Dimanche 15 avril 2007
Il aura suffit d'un seul geste pour que Dr House me persuade de ses talents, un trait de génie à vrai dire. Je le regardais, détente de fin de journée, amusée par le personnage mais dubitative quand à la médecine spectacle ainsi mise en scène, quand soudain m'a réserve m'a entièrement abandonnée.

Le patient suffoque. Dr House, très pro, s'empare de son stéthoscope, l'enfonce précipitamment dans ses oreilles et ausculte soigneusement le type avant d'annoncer "ses poumons sont en train de se remplir d'eau".
Là, je n'ai pas peur de le dire, je reconnais en lui un frère.

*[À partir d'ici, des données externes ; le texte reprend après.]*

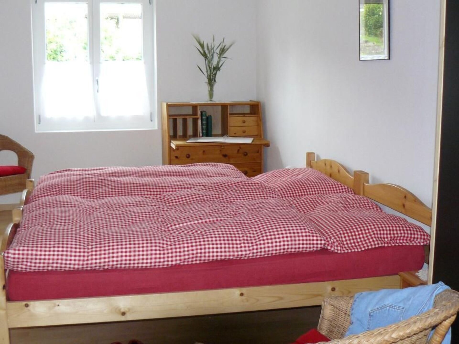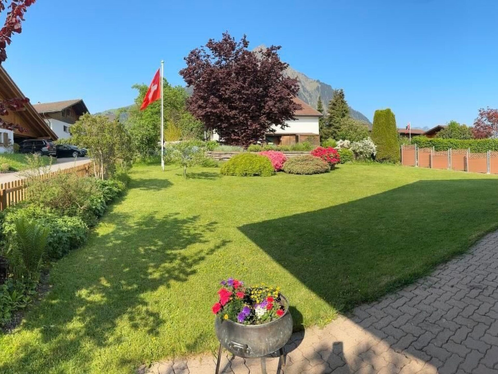 The 2200 inhabitants village is located about 900 m above sea level above Lake Thun and is surrounded by a beautiful mountain landscape. The mountain Niesen, (the largest pyramid in the world) embraces almost protectively the hills of Aeschi. Our house is located on the road between Aeschi and Aeschiried. It is livable and was completely renovated in 2008 and increased. The "Sunneggli" is very comfortably furnished and can accommodate up to 6 people. With beautiful kitchen, 1 living room, 3 bedrooms, TV, radio, telephone, 2 showers / WC, covered patio, large lawn, garage. A large playground and the bus stop are in the immediate vicinity. In the nearby village of Aeschi (1 km) there are all the shops for the daily needs (supermarket, bakery, butcher, newspapers, stationery, bank). In addition, the larger cities like Thun (10 min.) And Interlaken (15 min.) Or the easily accessible capital Bern (30 min.) Offer all shopping and shopping facilities. In the spa town of Interlaken (about 15 km) there is an 18 hole golf course. From there also starts the Jungfraujoch-Bahn, which - past the world-famous ski resort of Grindelwald near the ice giants Eiger, Mönch and Jungfrau - leads through the Eiger north face up to an altitude of 3,500 meters.Other leisure facilities: All year: Indoor swimming pool with wellness and massage, paraglide tandem flights, helicopter tours, guided tour on the Lamafarm, western riding, visiting the earthworm yard, visit the farm Hatti. Summer: Carriage Rides, Electro Bike and Mountain Bike rental, Cheese Dairy Visits, Botanical Excursions, a lot of hiking possibilities, guided village tours. Winter: Skiing, snowboarding, sledging, cross country skiing, winter walking paths, snow shoe hiking, Christmas path.Excursion possibilities: Nature reserve Suld Valley: Starting at the restaurant Pochtenfall you reach the imposing 80 m high waterfall after 20 minutes walk. Apart from easy or demanding walks the valley of Suld offers many possibilities for barbecues, picnics and relaxing in pure nature. Niesen "the swiss pyramid": After a spectacular ride by the funicular train, the view from the top at an altitude of 2362 meters offers a splendid 360° panorama of the imposing Bernese Alps, the lakes Thun and Brienz and to the Bernese lowland. Jungfraujoch - Top of Europe: A highlight of every Swiss journey is an unforgettable day trip to the highest situated railway station of Europe and the alpine wonder world of ice and snow at 3454 meters. Lakes of Thun and Brienz: This beautiful lakes are the heart and the center of the Bernese Oberland. While you enjoy a good meal or a glass of wine on board of a ship while your eyes will rest by glancing at the lovely shores with the splendid historical castels and up to the highest mountain peaks. Other living room features (Living room1): Leather sofa, 2 armchairs, sidebordOther bedroom furniture (Bedroom1): Wardrobe, dresser, 2 bedside tables with lamps, 2 chairs, mirrorOther kitchen equipment (Kitchen1): Raclette-oven, Table grill, pressure cookerNearby sports facilities: Mountain climbing, Golf course, Canoeing, Climbing, Mountainbiking, Paragliding, Bike tours, Rafting, Riding possibilities, Rowing, Squash, Surfing, Diving, Tennis, Water skiing, SailingLocation description: Aeschi (860 m above sea level) and the somewhat higher situated Aeschiried (1000 m) lie on a sunny terrace and offer a wonderful view of the surrounding mountain panorama and of the Lake Thun. The original Peasant village is still marked of farming, folklore and tradition. If you want to escape the everyday hectic, you are just right staying with us. Aeschi offers an intact nature to refuel your batteries. Thanks to the very central situation, all the well known tourist destinations of the Bernese Oberland are very close. Aeschi is easy to reach both by public transport (train to Spiez and bus to Aeschi/Aeschiried) and by car. Apart from two grocery shops there are also a butchery, two bakeries, a cheese shop, two banks, a post office, 2 flower shops and a doctor.

Parce qu'avec son stétho enfoncé à l'envers dans ses oreilles
(oui oui il y a un avant et un arrière à cette chose), ce brave homme n'a guère entendu que le battement du sang dans ses propres oreilles. Mais, avec l'aplomb du stagiaire de deuxième année qui se dit que si personne ne se rend compte qu'il ne sait pas ce qu'il fait et qu'il n'entend ni souffle au coeur, ni battement de coeur, ce n'est pas grave, il pourra garder ce petit secret pour lui et vivre avec sans trop de problème -et accessoirement essayer plus tard de comprendre comment ça marche tout ça, il ne s'est pas laissé démonté, a fini son examen et pondu son diagnostic avec un culot monstre.
Petit effronté.

Moi je dis, avoir aussi bien cernés quelle bande de charlatants nous sommes, chapeau. Quelle intelligence, quelle sensibilité dans la perception du monde médical...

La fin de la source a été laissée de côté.